The heart of any experience for me is the people. I can spend every day in the slums inhaling red dust and smoke from burning garbage, surrounded by distant shrieks of crying babies, bombarded with smells that no words can describe. But if those same days are spent with people as incredible as these, somehow all the other things cease to matter.

I want to introduce you to the family of ZanaAfrica. It has only been a short month since I’ve come to work with them but after dozens of cups of chai, countless matatu rides and miles of walking through the labyrinth trails of Kibera, I have developed such a deep love and respect for these courageous people.

ZanaA’s heart is to break the cycle of injustice from within. Instead of inserting naïve white people into the 50 schools where ZanaA holds Empowerment Groups, its founder Megan White employs young men and women who are living in Kibera.

Most of them have just finished secondary school and are working with ZanaA for the gap year before they begin college. It’s a critical time where an overwhelming majority of youth end up getting lost in drugs and alcohol.

Instead, these youth spend their days pouring into the young people of their community. They facilitate discussions about drugs, alcohol, sexuality, and peer pressure. They offer real solutions in overcoming these issues. They speak into 1000 kids’ lives every week.

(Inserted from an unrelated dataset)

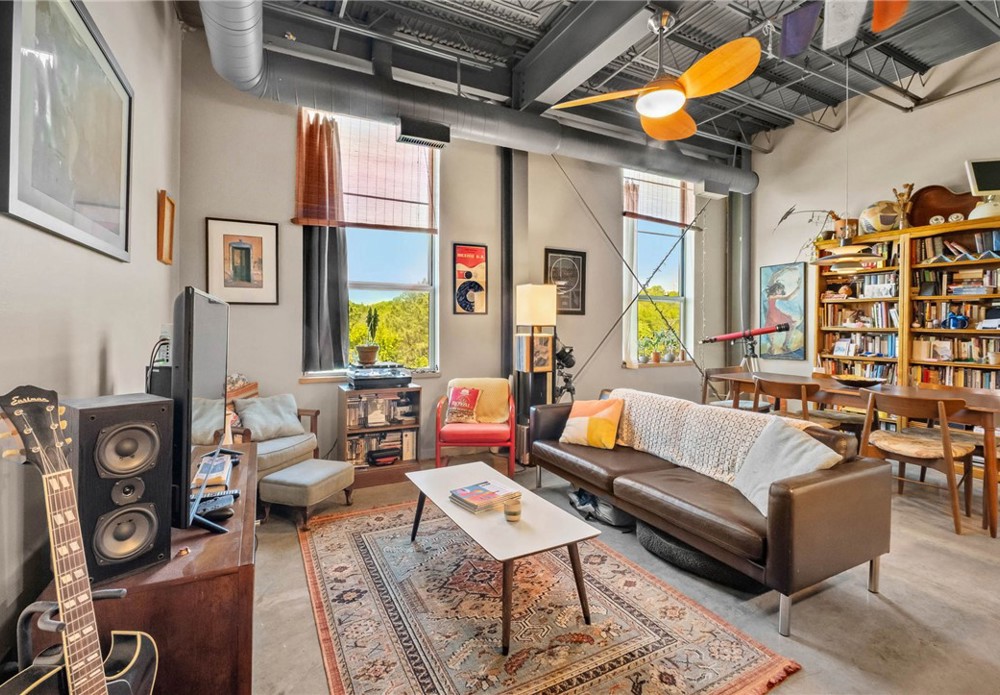 Experience a piece of Fayetteville’s history in this classic loft style condo. Once a 1950s feed mill, this landmark building has been reimagined as the heart of the Mill District. This rare 1,356 sq ft, two-bedroom loft is all about character. The interior keeps the original spirit of the building with soaring ceilings, exposed metal beams, and polished concrete floors that keep the space feeling open and simple. The main floor features a wide-open layout where the kitchen, dining, and living areas flow together naturally. Upstairs, the expanded floor plan offers extra room and privacy while maintaining the building's iconic, airy feel. Perfectly positioned on the Razorback Greenway, you’re just steps from the Lower Ramble, Cultural Arts Corridor, and the Entertainment District.This prime location offers immediate access to the dining and entertainment of South Yard, The Mill, and Prairie St placing the best of downtown Fayetteville right at your doorstep.

Each one stands as a living testament that there is hope. They walk into classes of kids who don’t believe there is anything more than the life they’ve known- and then they see young men and women from the slums who have jobs. They have dreams. They are using their lives to inspire and build up and pour out into people.

Can you just think about the ripple effect this is having?

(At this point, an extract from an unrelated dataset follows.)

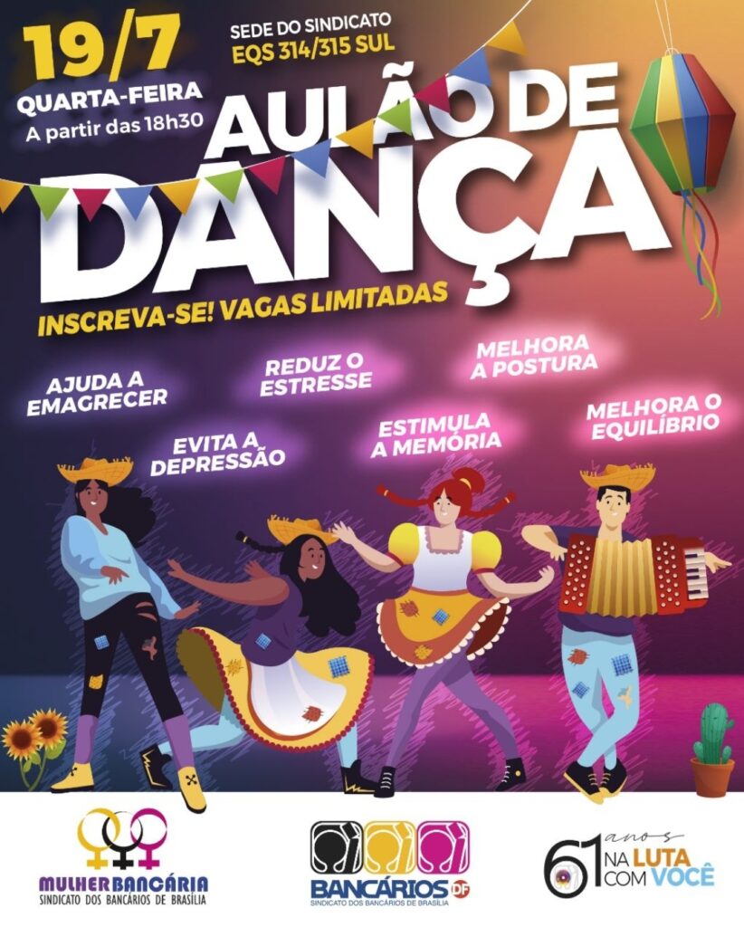 Prepara o look junino, alonga e vem aproveitar o aulão de dança no Sindicato. Na próxima quarta-feira (19), às 18h30, a entidade promove a terceira edição da aula de dança com vagas limitadas.

I wish I could set you up on a coffee date with each one of these incredible people. I wish you could hear the stories of the pain they’ve persevered through. I wish you could share in their contagious laughter. I wish you could shadow them for a day and see the relationships they’ve built in these classes. I wish you could see the respect they elicit from these kids that understand all too well where they’ve come from, and just what a miracle it is that they are where they are today.

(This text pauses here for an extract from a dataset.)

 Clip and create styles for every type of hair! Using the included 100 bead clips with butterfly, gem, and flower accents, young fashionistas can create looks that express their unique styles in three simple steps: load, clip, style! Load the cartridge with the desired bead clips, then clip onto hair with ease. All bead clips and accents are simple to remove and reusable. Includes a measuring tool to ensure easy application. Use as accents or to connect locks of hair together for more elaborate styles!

For now, all I can give you is a picture, and this tiny taste of their big big hearts. I asked them why they came to work for ZanaA and I want to let them tell you in their own words…




As first I thought I had come to ZanaA just to work and get money, but later I realized that my coming to ZanaA was more than money and that it was one of my childhood dreams come to pass. At my early years I wished that one day I will be able to reach to my community and especially the girl child, who I felt was much abused and seen as an object of sex or punching bags for the violent men. I now feel attached and obligated to help young boys and girls. I want to do law which will enable me to represent the girl child in court and fight for her rights.




My best reason for joining ZanaA is getting an opportunity to reach to other needy children, to give them hope and encouragement and seeing smiles on their faces. Thinking that I was there once and to see how far I have gone. I have faith in them and us that will help them get as far as they want to go with their goals.




Raised by a single mother and having passed through hard times with my mother and siblings I took this chance to help raise my younger siblings. Every time I get money from ZanaA I help my family by buying what is not at home. Through ZanaA I have been able to take my twin brothers to Secondary School.




I joined ZanaA because within me I have always had the passion to help out children who are out there. Because when I was in high school I used to admire those people who used to come and guide us. And I asked God I wish one day I could talk that to students out there. And I think God has answered my prayer. I work for Zana to touch a child’s heart.




My reason for joining ZanaA was since my childhood and due to the way I have been brought up as parentless child. I have the passion and desire to work with children of the same caliber as me and see them change and gain hope that the future holds great things for them. I sincerely enjoy my time with kids, sharing my life experiences with them, and theirs. My heart feels more at peace when I make kids view life positively and know that they can achieve their beautiful set goals.




I did not want to stay at home and have to ask my family for small things and pocket money. I wanted the freedom to leave them without asking for bus fare and lunch. I wanted to be busy before joining campus and I knew that my computer skills would improve over time.




Why I joined ZanaA is coz it targets young people and working with this kind of people has been my passion. This has been directly influenced by the type of life challenges that these young people are facing and I passed through the same experiences. These challenges that I underwent made me want to give back.




I am at ZanaA so that I can reach more girls / women group who are in need of sanitary pads and they don’t know where they can get access to pads. Also to empower girls and women groups not to be dependent but to use the resources around them so that they can earn a living. Also my passion is to help girls to be role models in their community. Also to help them achieve their goals. Also to help them to get where they want to be.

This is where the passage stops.